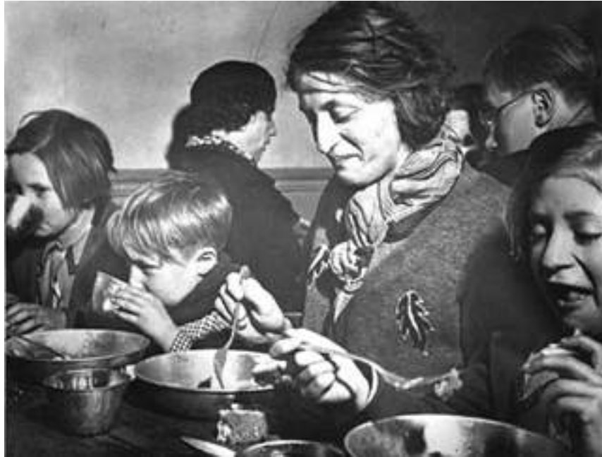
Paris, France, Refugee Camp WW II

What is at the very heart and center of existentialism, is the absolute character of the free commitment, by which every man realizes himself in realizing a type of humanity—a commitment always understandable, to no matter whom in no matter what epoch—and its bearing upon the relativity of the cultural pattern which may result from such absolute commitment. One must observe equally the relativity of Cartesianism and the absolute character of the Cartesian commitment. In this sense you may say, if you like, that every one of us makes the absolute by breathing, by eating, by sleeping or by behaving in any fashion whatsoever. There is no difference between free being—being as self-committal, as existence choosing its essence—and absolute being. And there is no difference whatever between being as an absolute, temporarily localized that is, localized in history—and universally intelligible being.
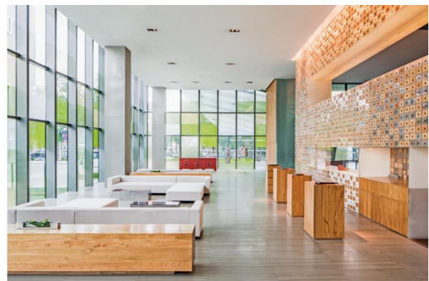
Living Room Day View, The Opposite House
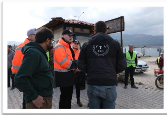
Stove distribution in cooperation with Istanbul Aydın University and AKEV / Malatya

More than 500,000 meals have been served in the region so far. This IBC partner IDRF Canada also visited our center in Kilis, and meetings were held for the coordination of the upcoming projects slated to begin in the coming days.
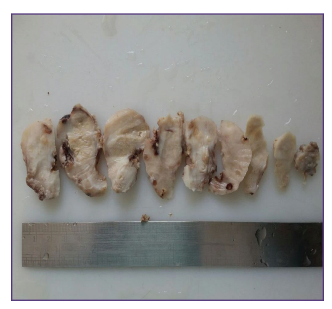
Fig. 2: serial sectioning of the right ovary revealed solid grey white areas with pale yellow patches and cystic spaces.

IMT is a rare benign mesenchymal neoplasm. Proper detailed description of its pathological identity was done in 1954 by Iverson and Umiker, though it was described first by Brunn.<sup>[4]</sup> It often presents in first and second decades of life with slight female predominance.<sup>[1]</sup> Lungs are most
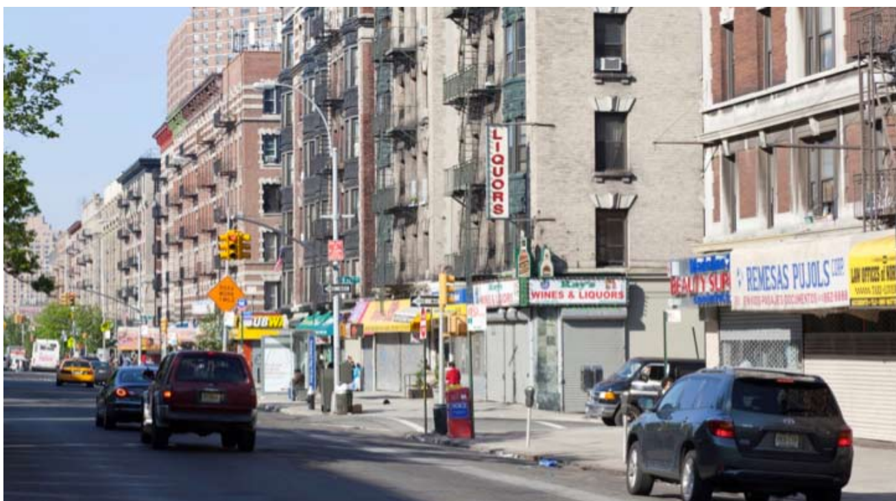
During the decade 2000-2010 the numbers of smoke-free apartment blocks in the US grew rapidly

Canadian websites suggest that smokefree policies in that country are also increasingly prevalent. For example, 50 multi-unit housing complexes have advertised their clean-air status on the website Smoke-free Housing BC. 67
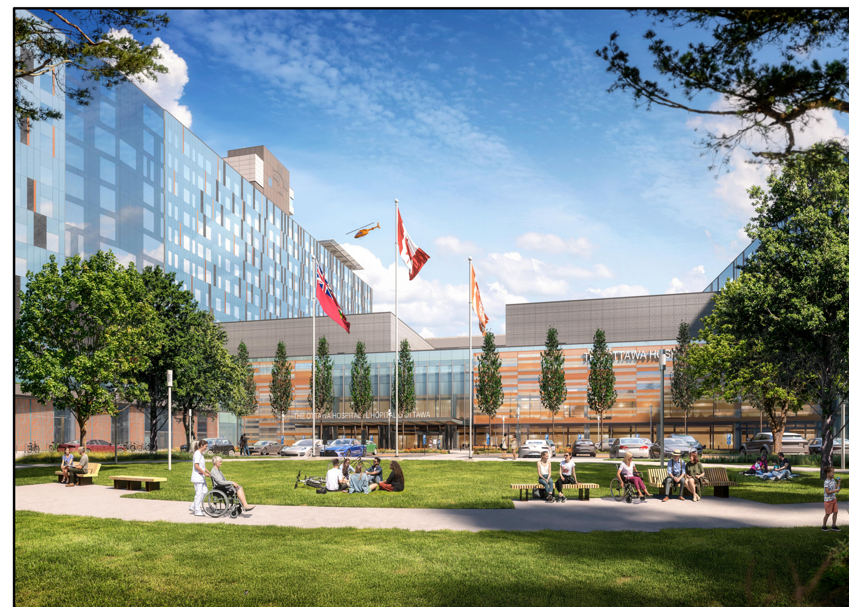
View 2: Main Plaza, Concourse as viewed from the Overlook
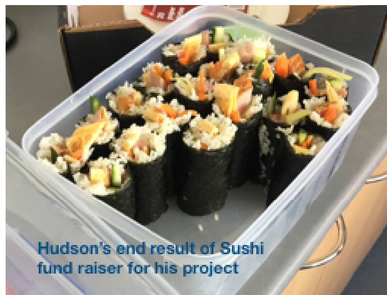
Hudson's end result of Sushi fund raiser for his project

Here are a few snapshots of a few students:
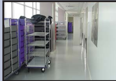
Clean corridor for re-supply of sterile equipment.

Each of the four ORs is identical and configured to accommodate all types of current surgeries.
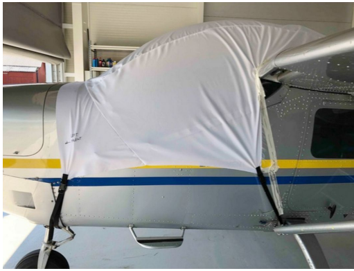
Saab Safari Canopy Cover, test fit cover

++++

Goal of the exercise:
Reproduce the listing exactly, minus its pictures.

Written reply:
Paris, France, Refugee Camp WW II

What is at the very heart and center of existentialism, is the absolute character of the free commitment, by which every man realizes himself in realizing a type of humanity—a commitment always understandable, to no matter whom in no matter what epoch—and its bearing upon the relativity of the cultural pattern which may result from such absolute commitment. One must observe equally the relativity of Cartesianism and the absolute character of the Cartesian commitment. In this sense you may say, if you like, that every one of us makes the absolute by breathing, by eating, by sleeping or by behaving in any fashion whatsoever. There is no difference between free being—being as self-committal, as existence choosing its essence—and absolute being. And there is no difference whatever between being as an absolute, temporarily localized that is, localized in history—and universally intelligible being.
Living Room Day View, The Opposite House
Stove distribution in cooperation with Istanbul Aydın University and AKEV / Malatya

More than 500,000 meals have been served in the region so far. This IBC partner IDRF Canada also visited our center in Kilis, and meetings were held for the coordination of the upcoming projects slated to begin in the coming days.
Fig. 2: serial sectioning of the right ovary revealed solid grey white areas with pale yellow patches and cystic spaces.

IMT is a rare benign mesenchymal neoplasm. Proper detailed description of its pathological identity was done in 1954 by Iverson and Umiker, though it was described first by Brunn.<sup>[4]</sup> It often presents in first and second decades of life with slight female predominance.<sup>[1]</sup> Lungs are most
During the decade 2000-2010 the numbers of smoke-free apartment blocks in the US grew rapidly

Canadian websites suggest that smokefree policies in that country are also increasingly prevalent. For example, 50 multi-unit housing complexes have advertised their clean-air status on the website Smoke-free Housing BC. 67
View 2: Main Plaza, Concourse as viewed from the Overlook
Hudson's end result of Sushi fund raiser for his project

Here are a few snapshots of a few students:
Clean corridor for re-supply of sterile equipment.

Each of the four ORs is identical and configured to accommodate all types of current surgeries.
Saab Safari Canopy Cover, test fit cover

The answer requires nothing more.